Reported:	2015-06-10 19:51 UTC by Avra Sengupta
Modified:	2015-07-30 09:51 UTC (History)
CC List:	6 users (show)
Fixed In Version:	glusterfs-3.7.3
Clone Of:	1218573
Environment:
Last Closed:	2015-07-30 09:49:41 UTC
Regression:	---
Mount Type:	---
Documentation:	---
CRM:
Verified Versions:
Embargoed:
Dependent Products:

Attachments	(Terms of Use)

Description Avra Sengupta 2015-06-10 19:51:57 UTC

+++ This bug was initially created as a clone of Bug #1218573 +++

Description of problem:

Scheduler is not picking scheduled jobs, when one of the storage node of shared storage volume is down.

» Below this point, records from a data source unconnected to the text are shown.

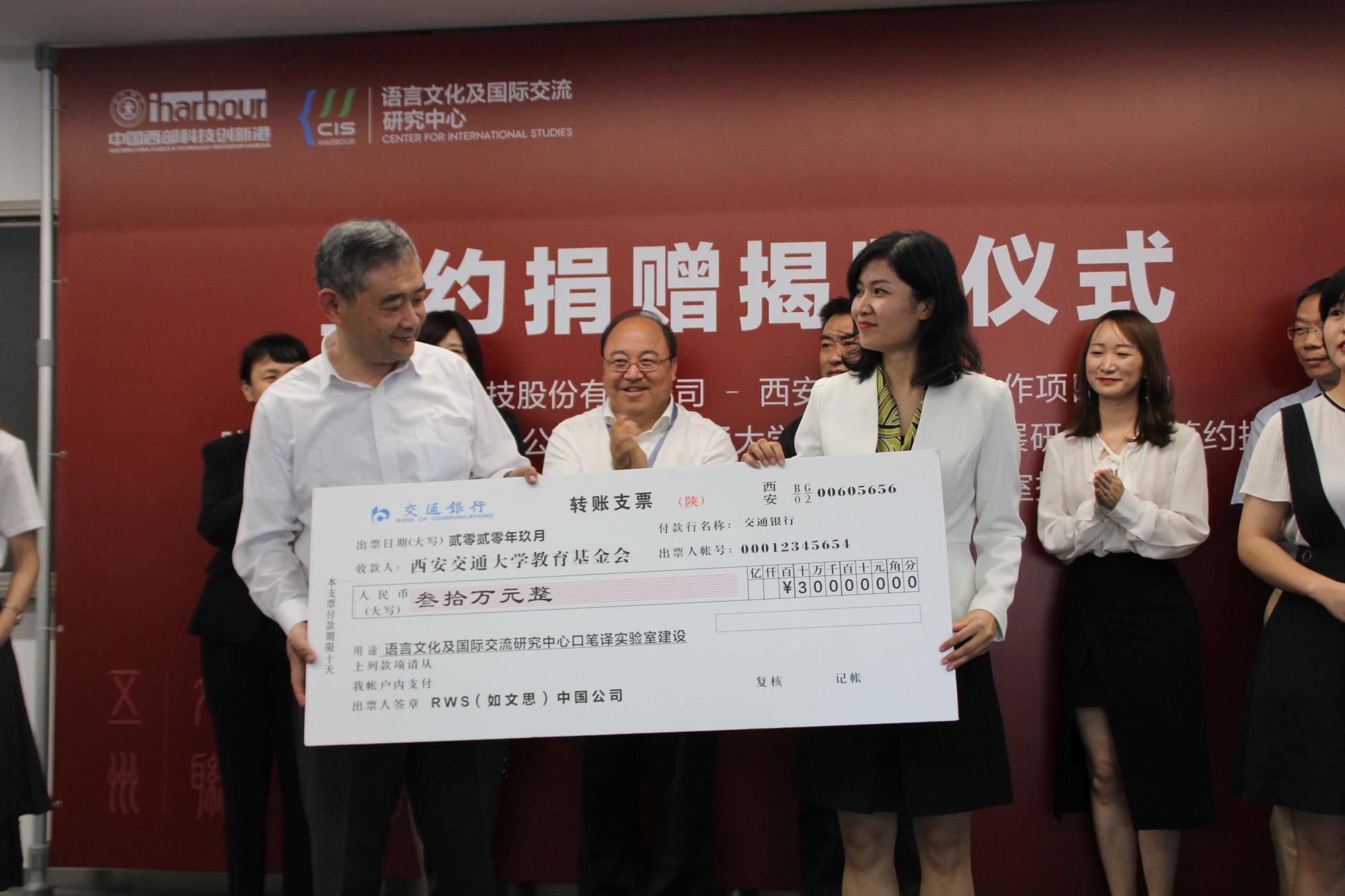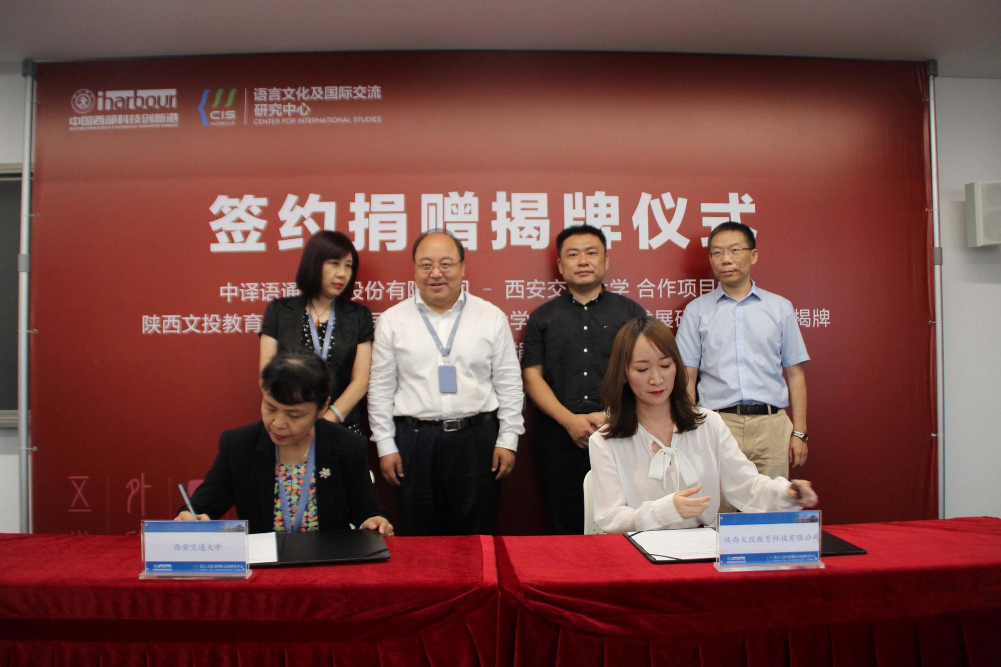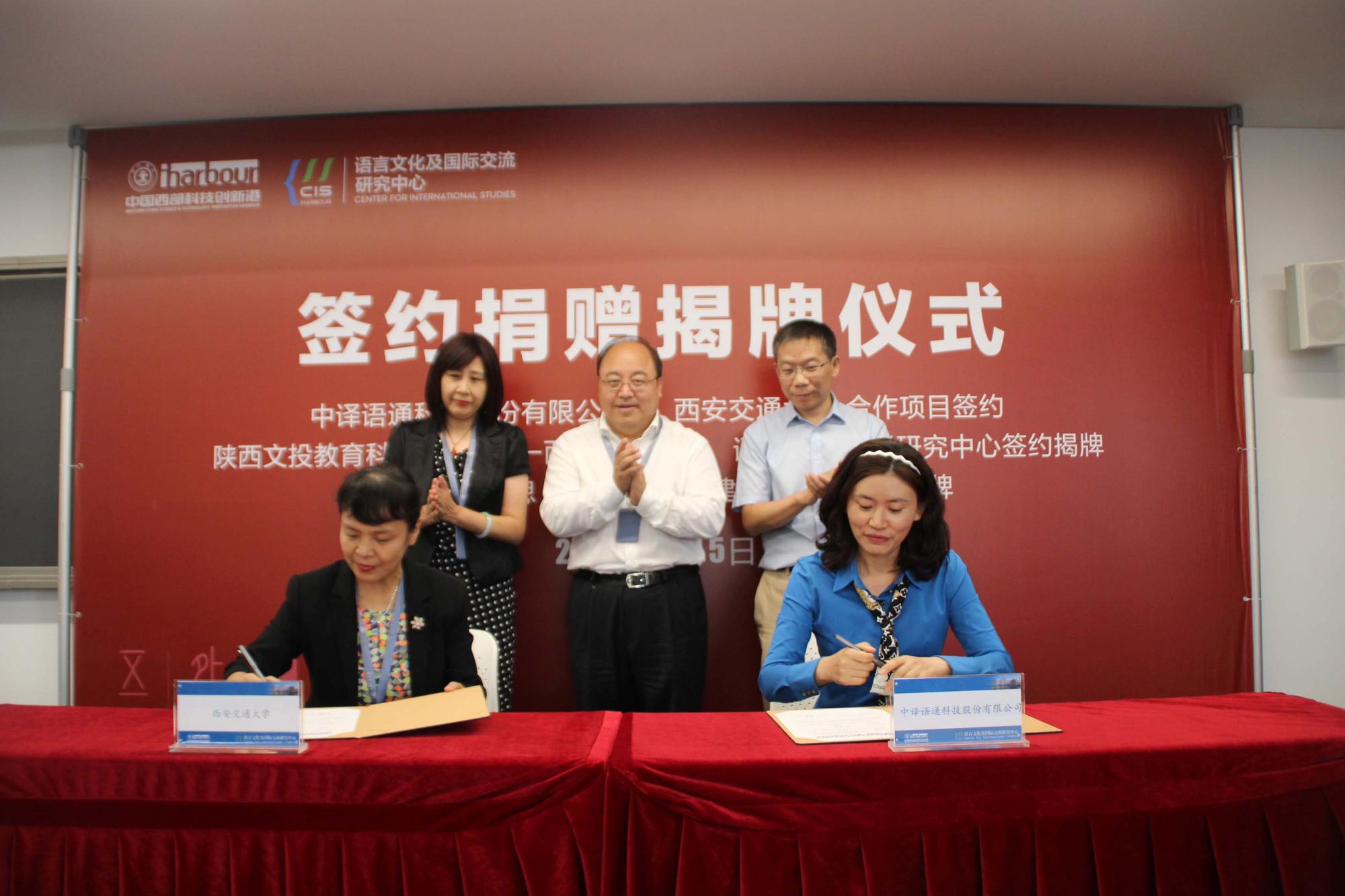 院长陈向京代表语言文化及国际交流研究中心,分别与中译语通科技股份有限公司、陕文投集团•文投教育公司的代表签署合作协议。之后,依次举行语言教育发展研究中心、口笔译实验室揭牌及捐赠仪式。
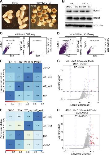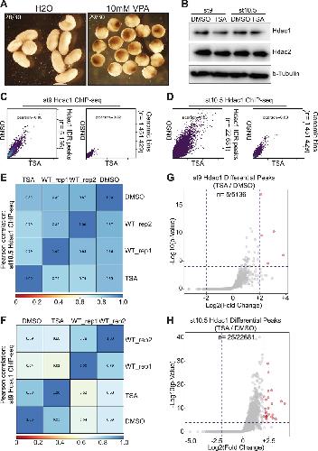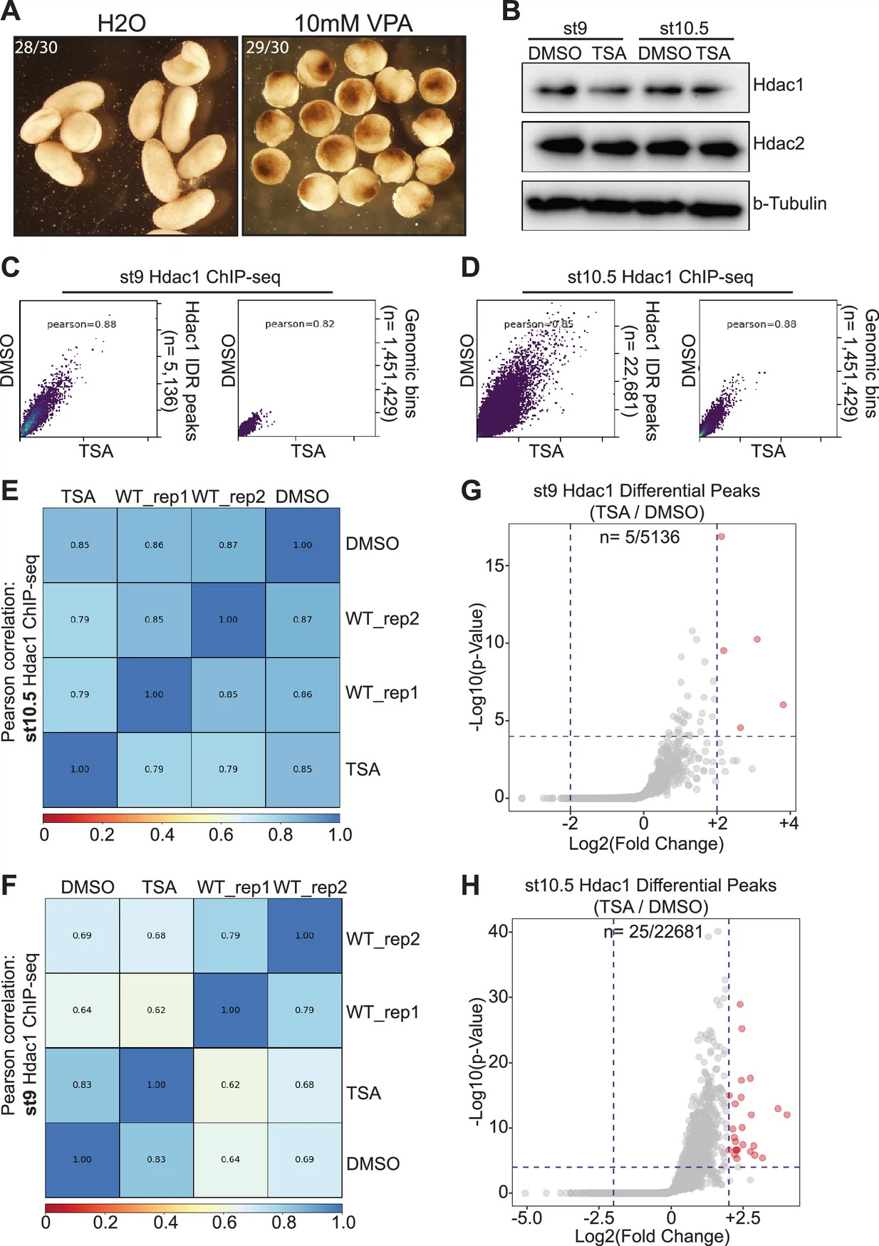 Figure 4—figure supplement 1. Trichostatin A (TSA)-mediated HDAC inhibition does not alter Hdac1 genomic occupancy.(A) Embryos treated with 10 mM valproic acid (VPA) display gastrulation defects at 24 hr post-fertilization. (B) Western blot analyses showing protein levels of Hdac1 and Hdac2 upon TSA treatment in st9 and st10.5 embryos. b-Tubulin is used as a loading control. (C, D) Pairwise Pearson correlation analyses comparing Hdac1 ChIP-seq signals of (C) st9 and (D) st10.5 DMSO- and TSA-treated embryos. (E, F) Pairwise Pearson correlation analyses comparing Hdac1 ChIP-seq signals of (E) st9 and (F) st10.5 DMSO- and TSA-treated embryos among different sample batches. WT denotes two biological replicate samples from time-course experiments. (G, H) Differential ChIP-seq analysis of (G) st9 and (H) st10.5 Hdac1 ChIP-seq between DMSO- and TSA-treated embryos. Red dots denote significant and gray dots denote nonsignificant differential irreproducibility discovery rate (IDR) peaks.
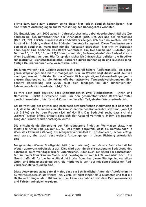 Fahrrad-Mobilität in Wien : Fahrradnutzung in Wien 2009 : Radverkehrsspezifische Ergebnisse der Haushaltsbefragung Wien 2009 / im Auftrag der Magistratsabteilung 18 - Stadtentwicklung und Stadtplanung ; Auswertungen, Analyse und Erstellung: Socialdata Institut für Verkehrs-und Infrastrukturforschung GmbH
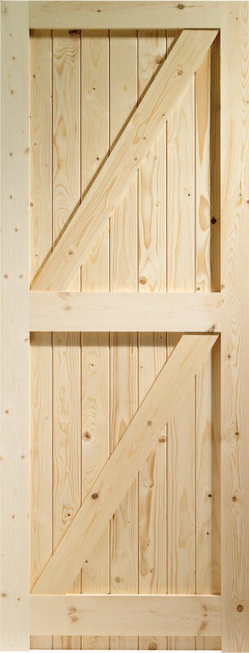 A traditional style ledged and braced external pine gate A sturdy external framed ledged and braced pine door, ideal for a external gate or shed door. This door is manufactured using a tongue & grooved technique of interlocking each boarded panel with a ridge on one side. The FLB external pine door is supplied with loose pinned braces to allow for them to be altered depening on the need. This boarded braces fixed with screws & staples. Hinges should alwasys be fitted where the braces point down (left hand side on the image).
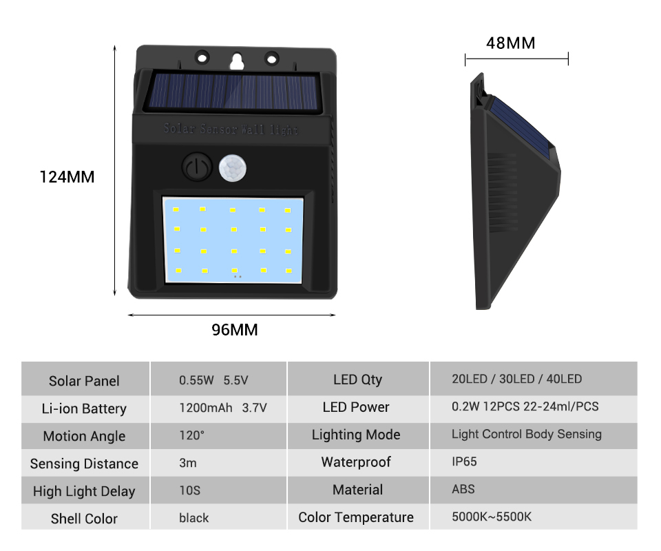 Specification: Type: Road Solar Collector Light Power: lithium battery / solar power Battery: 3.7v-1200mah Charging time: 8 hours Operating time: fully charged, 50 times induction per night, for 3 to 4 consecutive days. Number of LEDs: 20 -100 Sensing distance: 120 掺? 3-5m Waterproof rating: IP65 Material: ABS plastic Body color: black Package content: 1 black (including accessories)
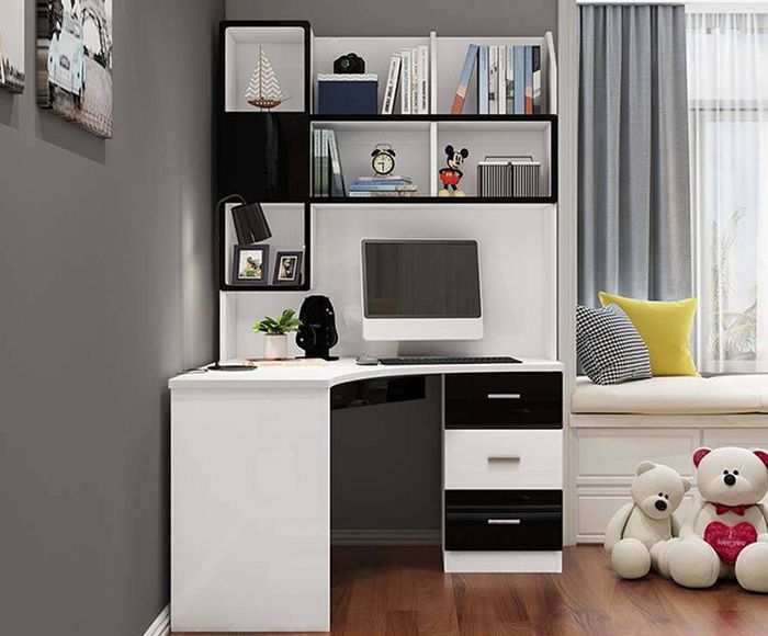 Here's a highly modern and functional study desk, perfect for children. This modern desk utilizes a combination of white and black tones, along with a built-in bookshelf and drawers, allowing children to conveniently store books and study materials. The L-shaped design adds a distinctive touch, enhancing user comfort.
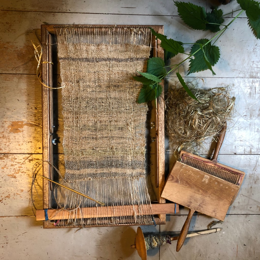 You’ve heard me rave—or rage?—about nettles, so you call to ask about my experiences. I tell you how I went down that same line of reasoning you did, and decided to let my fingers learn what my ancestors may have experienced. I made enough yarn to make a small wall hanging.
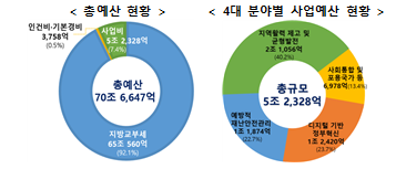 내년도 예산은 자치단체의 핵심 자주재원인 지방교부세 65조 560억원, 사업비 5조 2,328억원, 기본경비·인건비 3,758억원으로 구성된다.
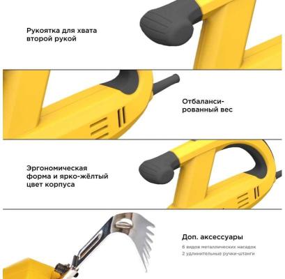 Это корнеудалитель, удалитель сорняков, пропалыватель, рыхлитель, электротяпка в одном небольшом корпусе ярко-желтого цвета.
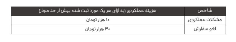 - مجموعههایی که کمتر از ۳۰ سفارش موفق در طول ماه داشته باشند، پاداش و هزینه عملکردی تعلق نخواهد گرفت.

Version-Release number of selected component (if applicable):

[root@localhost glusterfs]# rpm -qa | grep glusterfs
glusterfs-debuginfo-3.7.0alpha0-0.9.git989bea3.el7.centos.x86_64
glusterfs-libs-3.7.0beta1-0.14.git09bbd5c.el7.centos.x86_64
glusterfs-fuse-3.7.0beta1-0.14.git09bbd5c.el7.centos.x86_64
glusterfs-3.7.0beta1-0.14.git09bbd5c.el7.centos.x86_64
glusterfs-extra-xlators-3.7.0beta1-0.14.git09bbd5c.el7.centos.x86_64
glusterfs-geo-replication-3.7.0beta1-0.14.git09bbd5c.el7.centos.x86_64
glusterfs-cli-3.7.0beta1-0.14.git09bbd5c.el7.centos.x86_64
glusterfs-api-3.7.0beta1-0.14.git09bbd5c.el7.centos.x86_64
glusterfs-server-3.7.0beta1-0.14.git09bbd5c.el7.centos.x86_64
glusterfs-devel-3.7.0beta1-0.14.git09bbd5c.el7.centos.x86_64


How reproducible:

100%

Steps to Reproduce:

1. Create 2*2 distributed replicate volume.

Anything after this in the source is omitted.